Nominal Size Selection, Heat Loss & Hydraulic Calculation of Pipeline Systems
||The List of Changes
- Ñalculation of two-phase gas-liquid flows with boiling and condensation in branched pipelines (without recycles) is implemented.
- Group pipeline elements selection, group copy/cut/delete operations for both tree and graphic windows are added.
- Waterhammer calculation has been improved:
- Speed of waterhammer calculation has been dramatically increased;
- Column separation (cavitation) effect is now considered;
- Several consecutive pipeline components can now be calculated;
- Viewpoints are now checked to be not too close to the reflecting node or an element with a changing statein order to accurately calculate the magnitude of the pressure and velocity peaks;
- Waterhammer caused by the opening/closing of the butterfly valve is now more accurately calculated;
- Corrections has been made in the waterhammer calculation for pipelines with manually entered inflows/outflows in nodes;
- A bug has been fixed that deals with invalid reducer length at calculation.,.
- Significant changes have been made to the two-phase flow calculation module:
- Severe slugging flow in pipelines with gas-liquid flow is now predicted.
- Phase change calculation algorithm has been improved - phase transitions points are now determined more accuratey.
- Calculation of Mach numbers for water-steam mixtures using the WaterSteamPro library now is more precise.
- Some corrections have been made to the calculation of pipelines containing branches with negative flowrates.
- The inaccuracy in two-phase flow calculation of temperature and enthalpy after the orifice has been corrected.
- The inaccuracy of hydraulic resistance calculation for two-phase flow on vertical pipes is fixed.
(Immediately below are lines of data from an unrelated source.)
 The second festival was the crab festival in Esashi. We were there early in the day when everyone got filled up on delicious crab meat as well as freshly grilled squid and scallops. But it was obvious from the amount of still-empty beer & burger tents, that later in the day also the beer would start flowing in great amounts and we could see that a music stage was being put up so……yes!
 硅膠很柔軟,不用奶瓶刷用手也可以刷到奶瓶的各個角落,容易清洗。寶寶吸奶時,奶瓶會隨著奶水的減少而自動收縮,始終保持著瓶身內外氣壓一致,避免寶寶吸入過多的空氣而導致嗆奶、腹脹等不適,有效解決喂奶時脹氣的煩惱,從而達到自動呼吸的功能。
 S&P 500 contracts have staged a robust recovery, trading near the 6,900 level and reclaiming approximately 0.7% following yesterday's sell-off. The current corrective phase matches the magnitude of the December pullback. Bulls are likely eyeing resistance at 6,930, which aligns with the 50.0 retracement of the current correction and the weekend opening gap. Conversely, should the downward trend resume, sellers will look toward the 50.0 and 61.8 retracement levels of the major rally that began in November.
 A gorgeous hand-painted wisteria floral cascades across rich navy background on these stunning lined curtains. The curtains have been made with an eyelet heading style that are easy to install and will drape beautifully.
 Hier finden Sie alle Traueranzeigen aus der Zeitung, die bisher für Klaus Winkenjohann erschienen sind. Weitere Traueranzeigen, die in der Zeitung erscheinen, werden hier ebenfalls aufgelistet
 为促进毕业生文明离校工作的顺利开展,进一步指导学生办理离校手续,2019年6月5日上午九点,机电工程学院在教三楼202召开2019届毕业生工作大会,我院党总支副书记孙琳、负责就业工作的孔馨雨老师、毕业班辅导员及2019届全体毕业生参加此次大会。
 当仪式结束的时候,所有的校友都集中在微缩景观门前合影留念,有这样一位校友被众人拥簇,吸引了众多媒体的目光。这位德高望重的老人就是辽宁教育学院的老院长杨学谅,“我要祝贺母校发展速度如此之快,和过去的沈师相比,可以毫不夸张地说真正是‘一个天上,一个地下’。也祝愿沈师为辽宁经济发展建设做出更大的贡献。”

- The error in the two-phase calculation settings files causing frictional losses on bends, elbows and reducers to be considered differently than on straight pipes has been fixed.
- Refinements and improvements to other calculation functions of the program have been made:
- Internal heat transfer coefficient (from the fluid to the pipe wall) at heat analysis was corrected, thus improving the accuracy of calculations of uninsulated pipelines with strong cooling/warming during flow.
- Normalization algorithm of the fluid compounds compositions has been improved.
- A bug causing static pressure differences in the closed branches of the pipeline to be inaccurately considered has been fixed.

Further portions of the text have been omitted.